Tesla's AI Day 2022

This is a solved problem, long ago. Have you not seen the Segway or the wheelchair that climbs stairs?
Robots that “balance,” even toy ones, are at least 20 years old helped by the IMU (inertial motion unit) chips that are now mass produced ($2 - $5) for phones. Making the robot balance once you have this is just a matter of some control software. The same chip allows you to push on a robot (with a reasonable force) and for it to not fall over.

Mike

When you talk about “skills” I think you are referring mostly to things that are task-specific. The smarts to navigate are pretty much the same regardless of the robot’s form: recognize occupied space, move towards the destination with appropriate speed and without causing problems.

But sure, there are some different skills involved in not crashing when you have four (or 12) wheels and are traveling on a road at 70mph, vs. maneuvering around kid toys on the stairs. There are indeed a pile of interesting problems to solve on the way to getting a humanoid robot to use its body in the ways that a human can. But we already have existence proofs for most of them being solvable. Not going to be quick or easy, but it’s all doable.

1 Like

I’ve never seen a Segway go up stairs. :grinning:

I know that this has been “solved” for some form factors - but not necessarily for a bipedal humanoid (let alone at low cost), and even then only for very controlled environments. Again, I’m a lay person - but it seems to me that it’s a completely different engineering problem to make a Segway balance than to design a physical humanoid body that can go up a wide range of stairways. There’s going to be some overlap, to be sure - but the motion of going up a staircase (such as balancing on a single foot) is just fundamentally different than balancing on a flat surface (with two wheels on the surface at all times).
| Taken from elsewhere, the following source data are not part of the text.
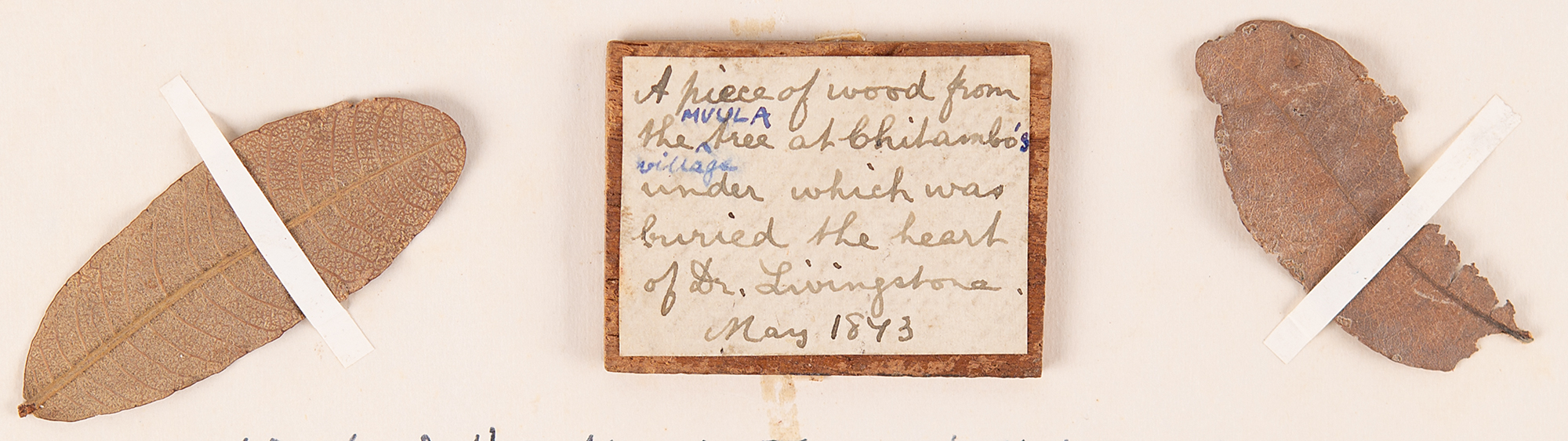 David Livingstone Autograph Letter Signed with Wood and Leaves "from the tree under which was buried the heart of Dr. Livingstone"
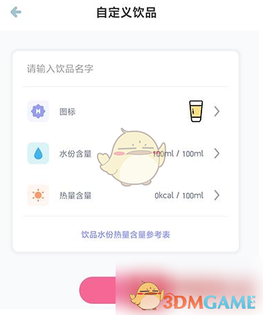 4、输入饮料的名字,设置图标、水分含量、热量含量等,最后点击完成即可。
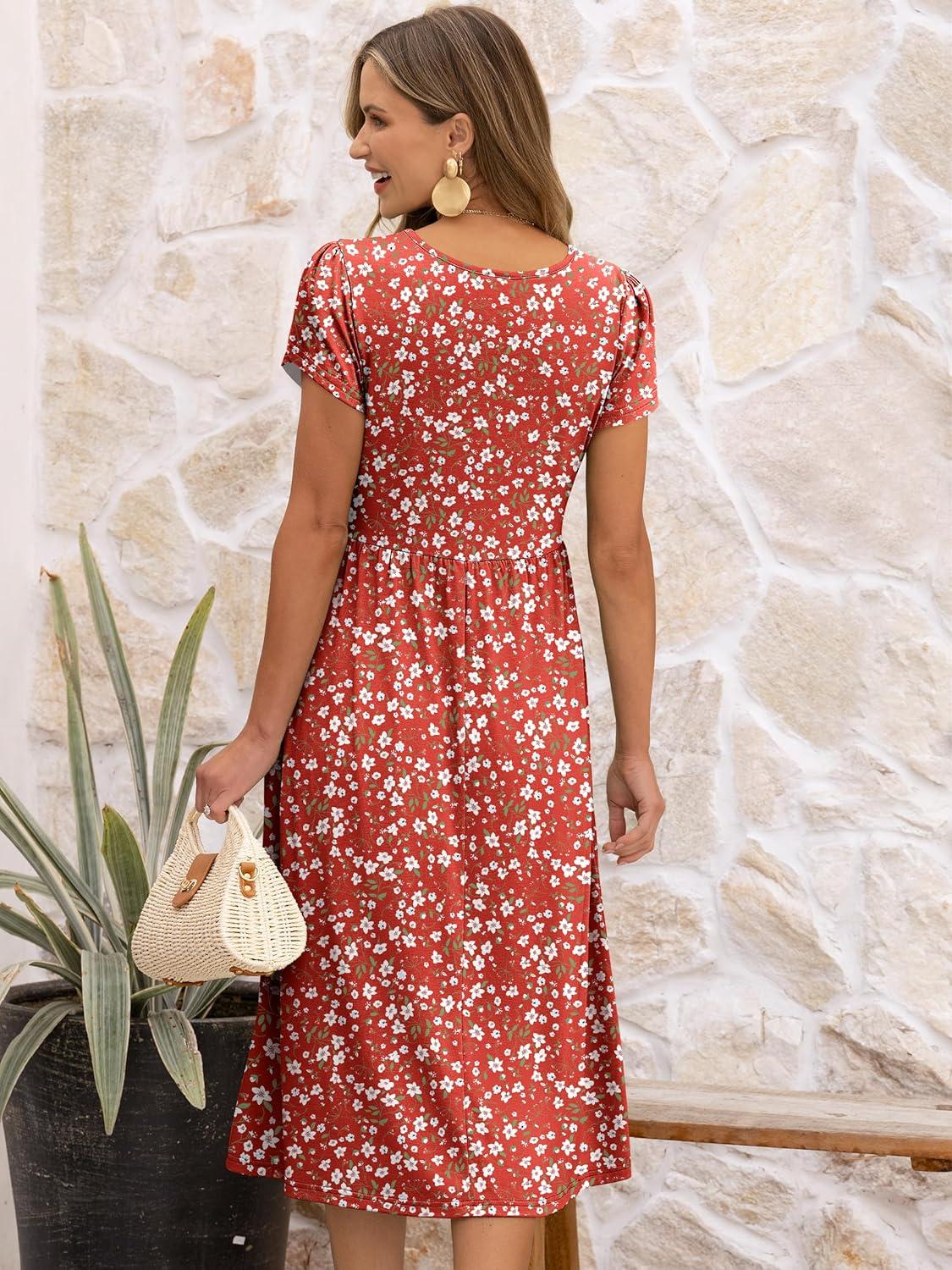 imageANRABESS Womens Summer Short Sleeve ALine Midi Dresses Casual Floral TShirt Dresses Flowy Beach Sundress with PocketsRed Floral

So I guess the question is what Tesla’s “car mind” brings to the table. Yes, there’s lots of existence proofs of some of these things being solvable. You can find video of robots, for example, whose AI and spatial awareness is sufficient to let them assemble a piece of Ikea-style furniture they haven’t “seen” before. But that’s not something that Tesla’s “car mind” has ever really had to do before - right?
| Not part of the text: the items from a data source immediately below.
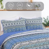 Blue teak Sunrise Floral Lightweight 3 Pc Bedspread & Pillow Cover Set
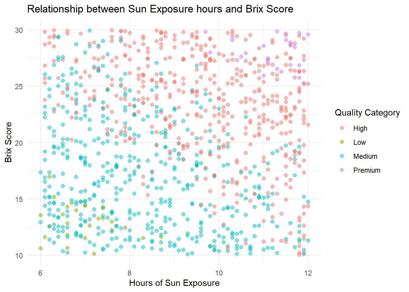 title = "Relationship between Sun Exposure hours and Brix Score",
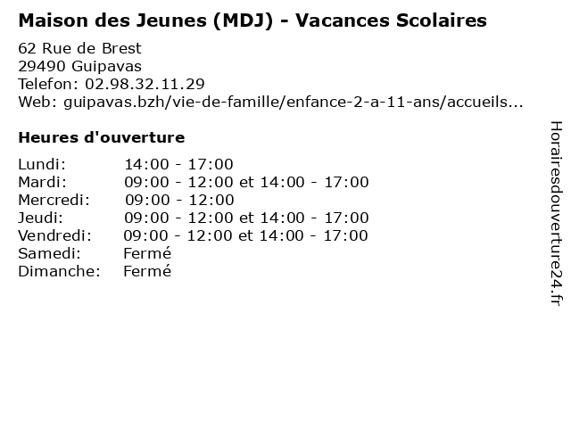 | Mardi | 09:00-12:00 et 14:00-17:00 |

Tesla’s done a lot of work solving the “move around in physical space” problem - how a robot would navigate from one place in a factory to another place in the factory relying solely on visual cues is absolutely something that Tesla’s got a ton of miles under the belt, as it were. But is that really the hard issue for building a useful humanoid robot? It’s certainly a necessary issue. But if I have a humanoid robot and I ask, “Please go upstairs to the kitchen and bring me back a glass of water with ice,” almost none of the hard parts of that request seem to me (as a lay person) to involve picking a route to the kitchen and avoiding obstacles. My Roomba can do that. Rather, the hard parts seem to be the humanoid form going upstairs, unpacking the verbal commands into steps (1: go to kitchen; 2: get glass from cabinet; 3: put ice in glass; 4: put water in glass; 5: return), and actually performing the physical tasks in my kitchen without breaking the glass or spilling the water or ice.
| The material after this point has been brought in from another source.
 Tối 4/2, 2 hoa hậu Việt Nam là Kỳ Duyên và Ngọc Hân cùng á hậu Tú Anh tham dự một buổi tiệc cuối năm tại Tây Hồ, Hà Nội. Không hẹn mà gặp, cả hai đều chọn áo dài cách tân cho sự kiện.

Again, it doesn’t seem like there’s much overlap between the skills that Tesla has “taught” its car and the skills that a useful robot would need. Absolutely the “navigate a safe path from point A to point B” is one area of overlap - but is solving that problem really what’s been holding other companies back from making a general purpose robot?

I think this is about 6 years ago. But I’ve been mentoring HS robotics for 18 years and I know I saw single foot balancing 10-15 years ago as well. The demo allowed you to try and push it over, which no one could do. Maybe hitting it with a baseball bat would have worked.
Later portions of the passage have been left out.